Suppose you are given an ordered set of signatures (i.e. number of $+$ and $-$ of the hessian) $\{(a_1,b_1),\dots,(a_r,b_r)\}$, that is supposed to be a set of critical points of some Morse function on a would be a $k$-manifold. The question is the following:

When there exists a manifold with a Morse function having a given set of signatures of critical points?

It is easy to see that the set of signatures must have signatures of the form $(k,0)$ and $(0,k)$, since any function on a compact manifold must have minimum and maximum.

Also, we can't start with, say, $(k-1,1)$, since you must start with the point of minimum, which must be of signature $(k,0)$.

Also, it is not true that we can always construct a manifold with given ordered set of signatures. For example, take the set $\{ (2,0) , (1,1), (0,2) \}$. Following the algorithm, first we attach a 0-cell, then we attach a 1-cell. Topologically it will be equivalent to a letter U made out of a tube (cylinder). But then you need two "caps" to make it into a closed compact thing, but we have only one critical point left.

I have no idea what are the conditions when we can actually construct a required manifold.

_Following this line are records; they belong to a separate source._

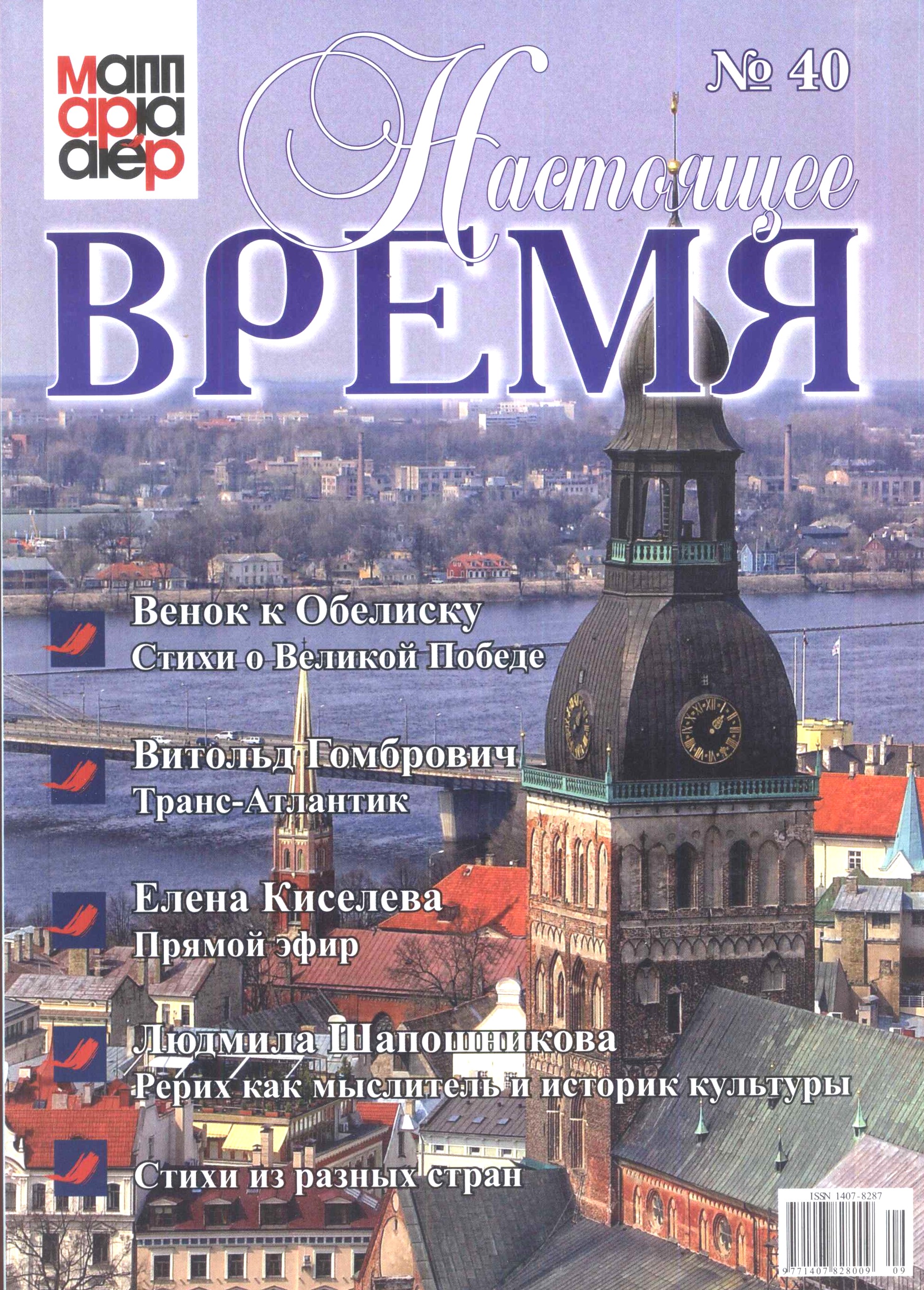 Názvové údaje Nastojaščeje vremja : ježemesjačnyj žurnal Meždunarodnoj associaciji pisatelej i publicistov. 40 Nakladatel Riga : Meždunarodnaja associacija pisatelej i publicistov, [2010] Rozsah 128 stran : ilustrace, fotografie, portréty ; 23,5 cm Země vyd. Litva Jazyk dok. ruština Poznámky Barevná obálka. - Čb. portréty, fotografie a ilustrace.
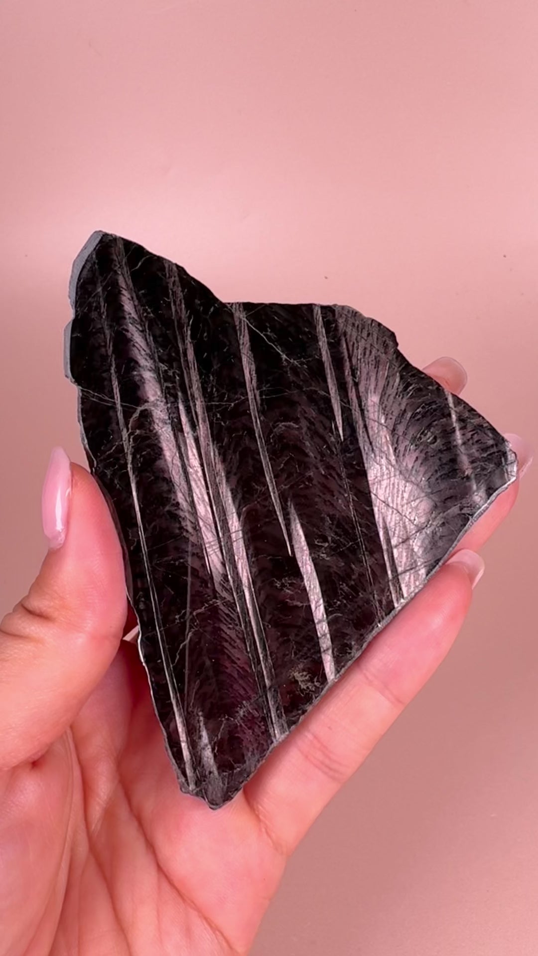 Polished dark crystal with silver-bronze shimmer, known for clarity, calm, and inner strength. Perfect for grounding, meditation, or display.
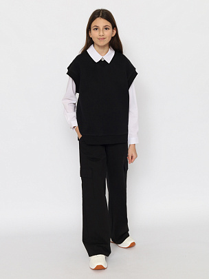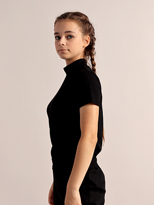 Футболка для девочки с коротким рукавом. Вырез горловины круглый, окантован бейкой из основного полотна.
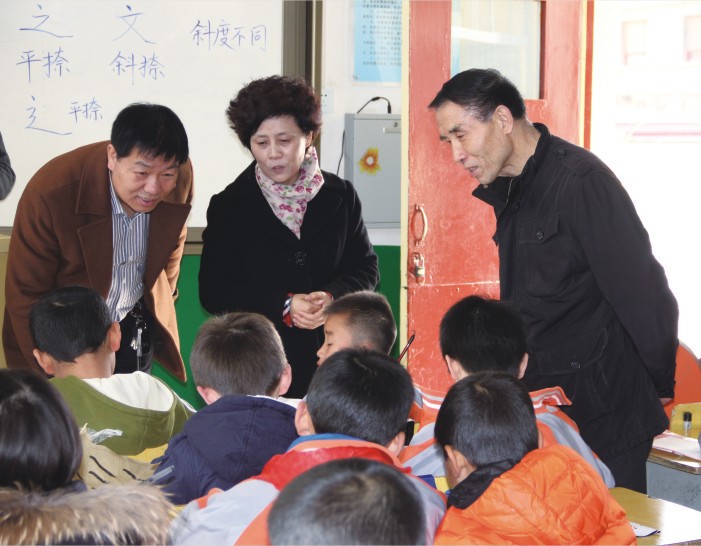 陕西柳范书画研究院院长王朝晖在书法教学培训示范学校耀州区塔坡小学调研,与
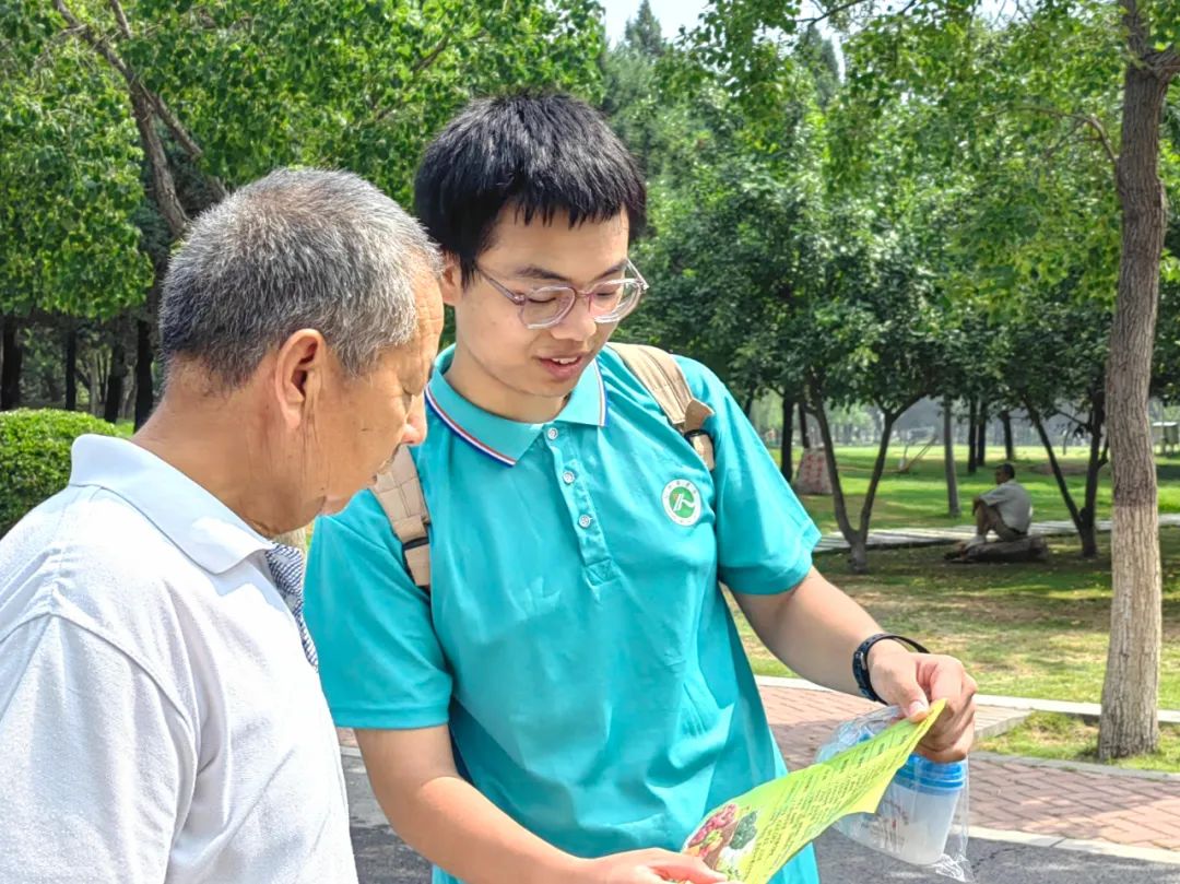 宣讲之前,实践队员就宣传页的制作及调查问卷的设计作了深入的讨论和周密的计划。活动现场,团队通过设立服务展台,与居民互动问答等多种形式,向居民们阐述了食物与疾病预防之间的紧密联系,耐心地讲解如何通过合理搭配食物来增强免疫力、预防常见疾病。团队还分享了实用的健康食谱和饮食建议。宣讲结束后,实践队员走进社区周边、人民公园及定国湖附近开展调研和宣传活动,根据不同年龄阶段人员对慢性病的认知程度有侧重点地进行宣讲,并就群众提到的问题给予耐心的解答。
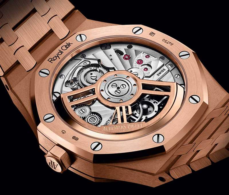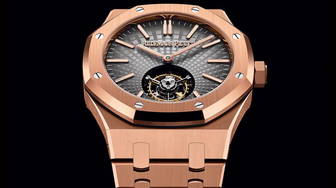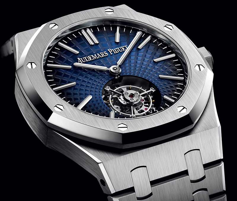 三枚皇家橡樹自動上鏈飛行陀飛輪腕表搭配完美整合的表鏈,采用與表殼相同的材質。這三重奏的風格更加增強,手工制作的飾面交替進行緞面刷洗和拋光,展現出啞光和光澤的一面,這已成為愛彼的標志性元素之一。
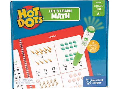 Build mathematics confidence with the Educational Insights Hot Dots Let's Learn Math workbook set! It contains everything you need for first-grade success! A full-color spiral-bound activity book includes 50 pages of mathematics activities. Lessons cover addition, subtraction, place value, geometry, and more, building academic confidence and creating the foundation for future success. Use the interactive Hot Dots pen with lights and sounds, enabling kids to learn and practice critical learning skills independently.

I've heard (but I am not sure if it is true) that if we have passed a sertain number of critical points in out reconstructing algorithm (maybe more than $r/2+1$), then there is unique way to finish the procedure to get a closed compact manifold. If this is correct, is it still true that we can always get a manifold having any set of the first $r/2+1$ signatures?

Thank you very much!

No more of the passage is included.